▶ TASK PROMPT: Copy the first line of the material below and every later line through the line containing "先端ブルーラメのグラデーショ", without any other output.

▶ PROVIDED MATERIAL:
· · · · ·

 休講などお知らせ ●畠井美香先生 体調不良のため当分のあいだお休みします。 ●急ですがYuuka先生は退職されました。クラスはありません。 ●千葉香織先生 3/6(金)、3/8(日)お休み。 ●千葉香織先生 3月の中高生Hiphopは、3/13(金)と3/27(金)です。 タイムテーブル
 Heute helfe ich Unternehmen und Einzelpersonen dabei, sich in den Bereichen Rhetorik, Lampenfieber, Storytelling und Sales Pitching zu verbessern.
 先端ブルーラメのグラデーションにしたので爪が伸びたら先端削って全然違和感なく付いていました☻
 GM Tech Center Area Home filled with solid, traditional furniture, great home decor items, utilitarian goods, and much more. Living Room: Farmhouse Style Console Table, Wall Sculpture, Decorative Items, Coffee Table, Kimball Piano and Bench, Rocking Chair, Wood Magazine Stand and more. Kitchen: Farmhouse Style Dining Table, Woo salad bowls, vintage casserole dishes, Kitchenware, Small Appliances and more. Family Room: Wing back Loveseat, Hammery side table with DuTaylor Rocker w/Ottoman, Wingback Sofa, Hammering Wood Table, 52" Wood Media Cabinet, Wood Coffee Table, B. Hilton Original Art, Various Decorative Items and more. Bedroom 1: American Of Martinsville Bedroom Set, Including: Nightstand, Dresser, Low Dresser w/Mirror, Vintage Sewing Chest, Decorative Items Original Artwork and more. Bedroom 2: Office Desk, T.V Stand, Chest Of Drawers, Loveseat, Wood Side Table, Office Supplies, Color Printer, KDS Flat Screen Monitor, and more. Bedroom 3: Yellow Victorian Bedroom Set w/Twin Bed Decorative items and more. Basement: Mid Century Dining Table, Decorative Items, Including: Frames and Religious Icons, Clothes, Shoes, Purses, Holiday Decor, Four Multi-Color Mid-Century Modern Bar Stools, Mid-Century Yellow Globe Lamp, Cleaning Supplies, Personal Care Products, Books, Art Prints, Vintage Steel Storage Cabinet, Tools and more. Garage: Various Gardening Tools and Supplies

· · · · ·

▶ YOUR SOLUTION:
 休講などお知らせ ●畠井美香先生 体調不良のため当分のあいだお休みします。 ●急ですがYuuka先生は退職されました。クラスはありません。 ●千葉香織先生 3/6(金)、3/8(日)お休み。 ●千葉香織先生 3月の中高生Hiphopは、3/13(金)と3/27(金)です。 タイムテーブル
 Heute helfe ich Unternehmen und Einzelpersonen dabei, sich in den Bereichen Rhetorik, Lampenfieber, Storytelling und Sales Pitching zu verbessern.
 先端ブルーラメのグラデーションにしたので爪が伸びたら先端削って全然違和感なく付いていました☻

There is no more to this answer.